Démissionnée, l’adjointe à l’urbanisme pointe la responsabilité du maire de Marseille

Officiellement, c’est un courrier adressé par le préfet des Bouches-du-Rhône au maire divers gauche de Marseille, Benoît Payan, le 13 mars 2023, qui a provoqué la mise à l’écart de Mathilde Chaboche, adjointe à l’urbanisme, dont la démission soudaine, début mai, a surpris le monde politique comme celui de l’urbanisme. Depuis 2000, la loi oblige les communes de plus de 3 500 habitants à compter au moins 25 % de logements sociaux.
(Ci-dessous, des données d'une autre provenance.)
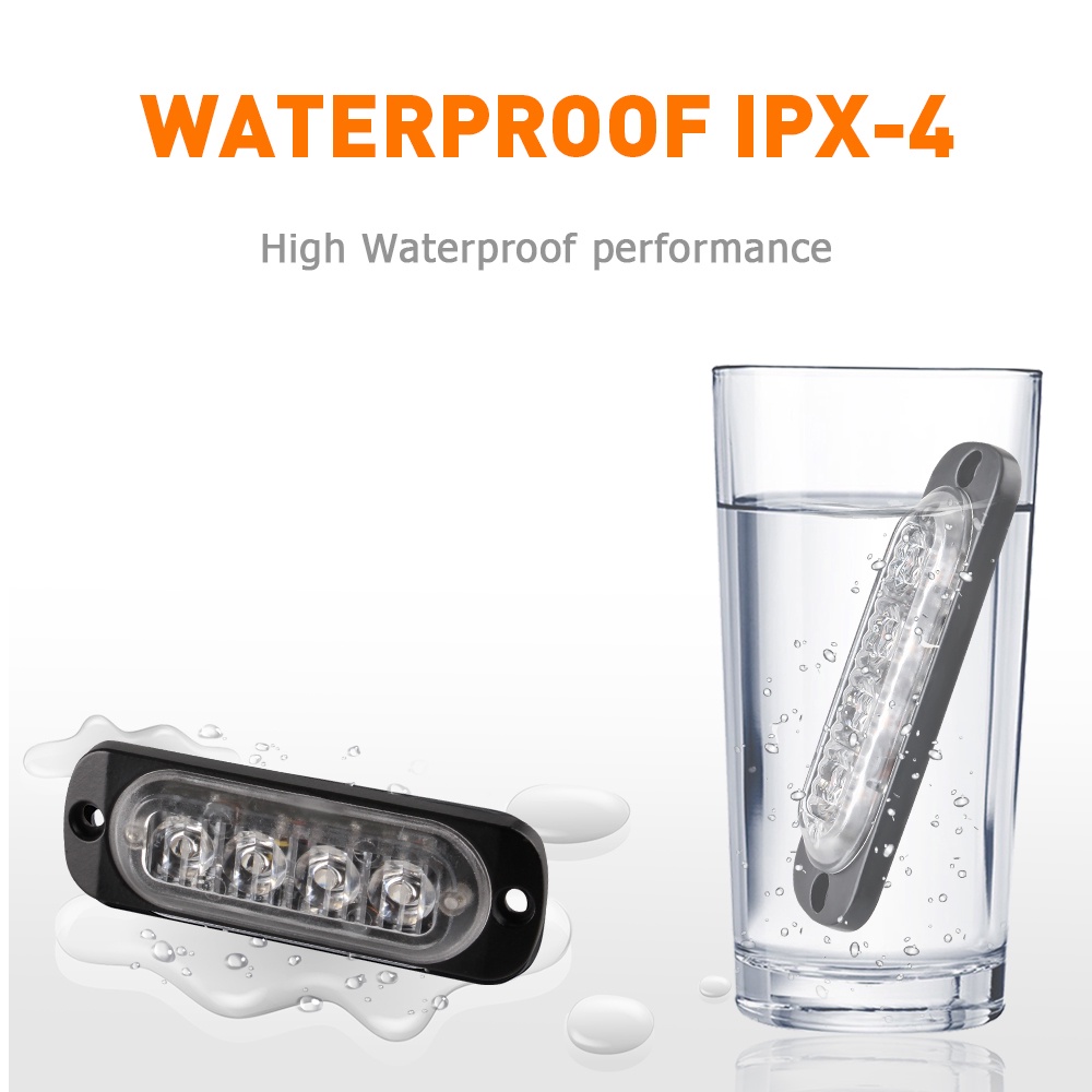 【💎Mô tả💎】 💥 Mỗi đèn có 4 đèn LED độ sáng cao, góc nhìn rộng và đèn nháy cường độ cao, sáng hơn gấp đôi so với trước đây! Cải thiện độ an toàn khi lái xe và tránh tai nạn giao thông. 💥 Đèn nhấp nháy cường độ cao giúp bạn đảm bảo an toàn khi lái xe và tránh tai nạn giao thông. 💥 Thiết kế siêu mỏng và chống thấm nước, ống kính PC chống thấm nước ABS cao, hiệu suất tản nhiệt tốt hơn, khả năng lắp vô tận. Rất bền và hữu ích. 💥 Tuổi thọ cao hơn 100 lần so với bóng đèn tiêu chuẩn và tuổi thọ hơn 50.000 giờ. 💥 Phương pháp đấu dây 1. Nối dây màu đỏ với cực dương. 2. Dây đen được kết nối với các thiết bị đầu cuối âm. 💥 Nếu bạn có bất kỳ câu hỏi nào, xin vui lòng liên hệ với chúng tôi.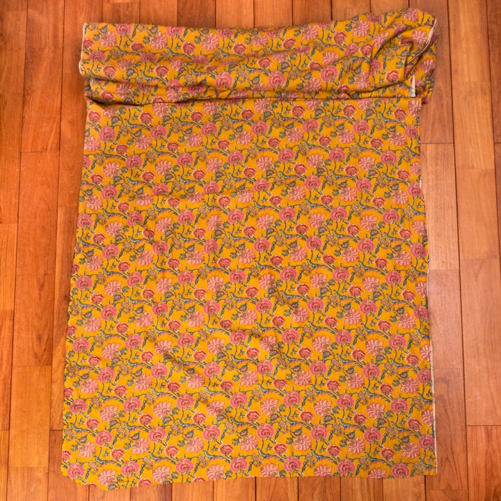 この生地は、インドの自然と伝統工芸が融合した特別な一枚です。インドが得意とするボタニカル柄が、伝統的なシルクスクリーンプリントで丁寧に描かれており、自然の美しさを感じさせます。鮮やかな花やボタニカルなデザインが広がる生地に、インド伝統のカンタ刺繍による、ランニング・ステッチが加わることで、生地に立体感と、温かみのある風合いが生まれ、とてもかわいい雰囲気に仕上がっています。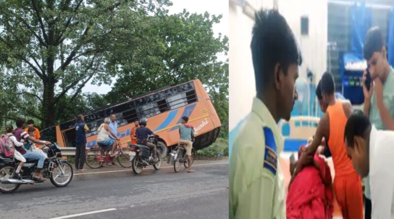 देवघर जा रही बस,NH 28 चिरंजीवीपुर में डिवाइडर से टकराई,12 कांवरिया घायल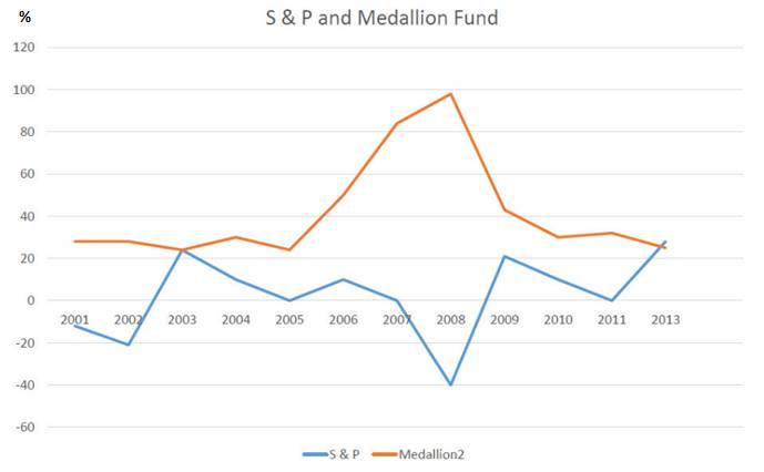 图4:大奖章基金 VS. 标普500 年化回报率 (2001-2013)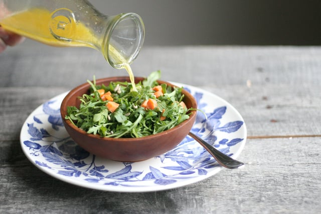 A salad recipe is pretty useless without knowing how to make a killer dressing to jazz it up. While you can just splash on some balsamic vinegar and olive oil and call it a day, try using this formula to take your dressings to the next level and make you actually want to eat a salad. If you are using stronger greens like kale or arugula in your salad, make sure you include a little something sweet in the dressing. Sweetness helps balance out bitterness on the palate. Kale-aphobes and children will especially appreciate this trick!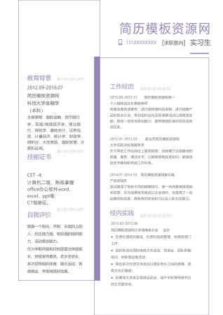 信贷专员求职简历--适用应届生,有银行实习经历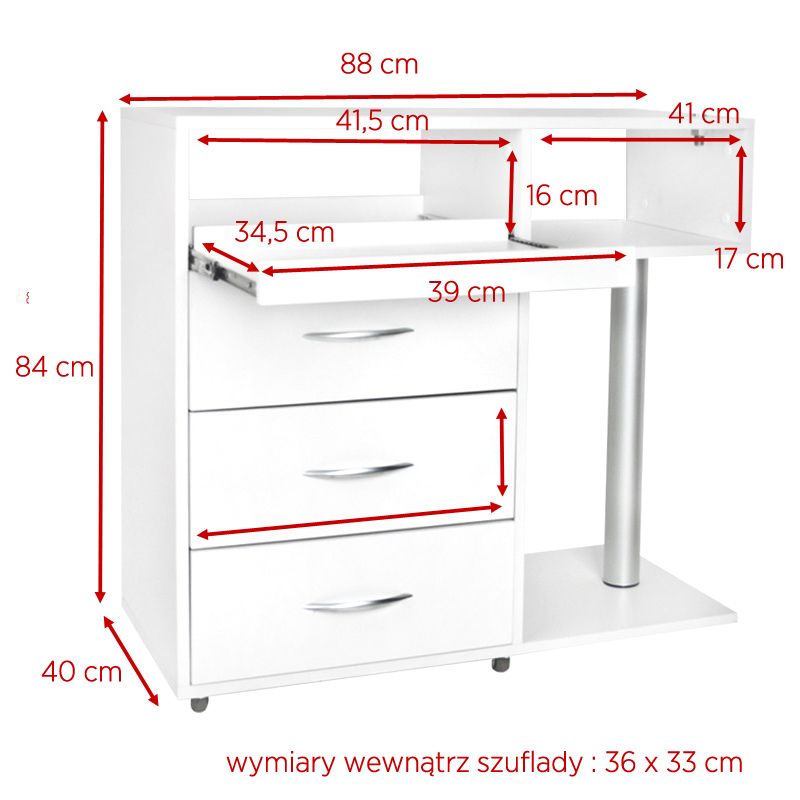 Profesjonalny unit podologiczny, solidnie wykonany z szufladami wraz ze specjalną szufladą na sterylizator UV-C oraz półką na frezarkę. Dopełnieniem całości jest uchwyt na lampe lupę TUBE a metalowo-gumowe kółka gwarantują mobilność. Pomocnik został stworzony aby ułatwić pracę osobie wykonującej zabieg.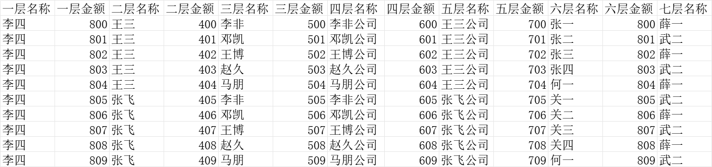 前言:本文将介绍如何用i2绘制资金链路,原始数据表格如下: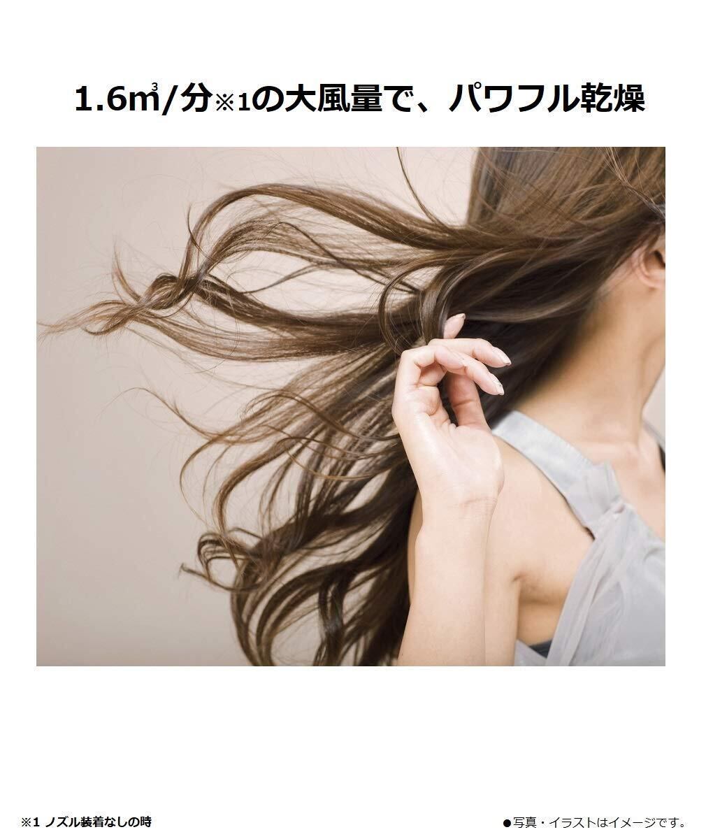 ■パワフルな風量で時短乾燥!■このドライヤーは、最大風量が2.0㎥/分(TURBO時・ノズル装着なし)を実現。忙しい朝もあっという間に髪を乾かすことができます。さらに、ミネラルマイナスイオンを放出し、静電気を抑えてまとまりやすい仕上がりに導きます。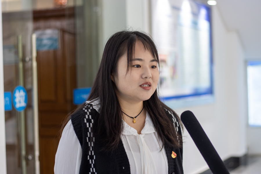 信息工程学院的辅导员谭俊妮老师表示,民大于她,是恩师更是益友,在民大工作的五年中,学校时刻给予她温暖感动的瞬间,她的个人发展与也与学校紧密联系。被问及身为一名党代表应如何履行自身职责时,她表示要在工作中兢兢业业,不断探索,传达师生真切的心声,做一名求真务实的党员干部。她也将自觉坚持党的领导,始终坚定政治立场,乐于奉献,争当表率,做一名优秀的共产党员。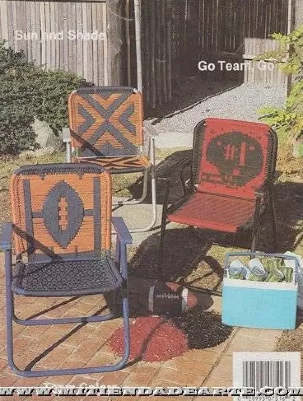 – Contiene diseños geométricos para realizar macramé para sillas.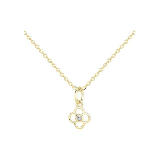 Collier en or jaune, perle de culture et diamant 0.01ct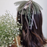 Style your pretty hair locks with this marvelous hair clip and add a romantic twist to your look. This beautiful double bow side accessory with a floral touch is sure to make you look like a Juliet both with long or short hair.

Marseille en affiche 22 %. L’Etat ne s’était jamais inquiété de cette situation mais, ce printemps, il menace de placer la ville en procédure de carence.
Le 10 mai en fin d’après-midi, Benoît Payan convoque son adjointe, figure du mouvement citoyen Mad Mars et rouage important du Printemps marseillais. Un entretien « rugueux », raconte l’intéressée – en présence de l’ancienne maire devenue première adjointe, Michèle Rubirola –, durant lequel M. Payan lui impose de démissionner. Sa responsabilité sur le déficit de constructions est évoquée. Mais l’élu insiste surtout sur un possible conflit d’intérêts dont il lui reproche de ne pas l’avoir tenu informé.
« Des chiffons rouges… Une curée mécaniquement orchestrée », rembobine Mme Chaboche, qui, mardi 6 juin, sort de son silence. Quelques jours auparavant, la désormais simple conseillère municipale a rejoint le groupe Ecologiste et pluriel-s, une des composantes de la majorité marseillaise, tout en écrivant leurs quatre vérités à ses anciens partenaires de Mad Mars, le collectif citoyen qui a aidé à la victoire de la gauche en 2020. Dans cette lettre, elle les accuse d’avoir « perdu leurs fondamentaux » et prévient : « C’est le Printemps marseillais qui meurt sous nos yeux, phagocyté par les vieux partis et leurs vieilles recettes. » « Aujourd’hui [à Marseille], il y a une bascule vers une hyperpersonnalisation du pouvoir. Nos mouvements citoyens deviennent les idiots utiles de forces politiques en déréliction, dont le seul mantra est la réélection », dénonce-t-elle.
Grand ménage
A sa nomination, cette urbaniste de formation commence par remettre de l’ordre. « Marseille, c’est 30 % de voies privées, des immeubles sans permis, des logements insalubres, une urgence sociale et climatique et, face à cela, une production immobilière focalisée sur ses intérêts privés. » A la mairie, le culte des petits arrangements règne, comme le confirment l’Agence française anticorruption et la cour régionale des comptes dans leurs rapports.
La nouvelle adjointe contrarie ceux qui ont l’habitude de monter leur immeuble à 12 mètres quand le texte dit 8. « J’entends que je vais trop loin, que je suis raide comme la justice. » Sans hésiter, elle fait démolir les parkings construits à la place de jardins, traque toute interprétation extensive de la règle. Ces écarts peuvent avoir de lourdes conséquences dans une ville bâtie sur des argiles et aux sous-sols parcourus par des réseaux fuyards. « Des immeubles ont été fragilisés à cause de travaux illégaux sur le bâtiment voisin », affirme l’ancienne adjointe à l’urbanisme. En trois ans, la procureure de Marseille reçoit près d’un millier de dossiers.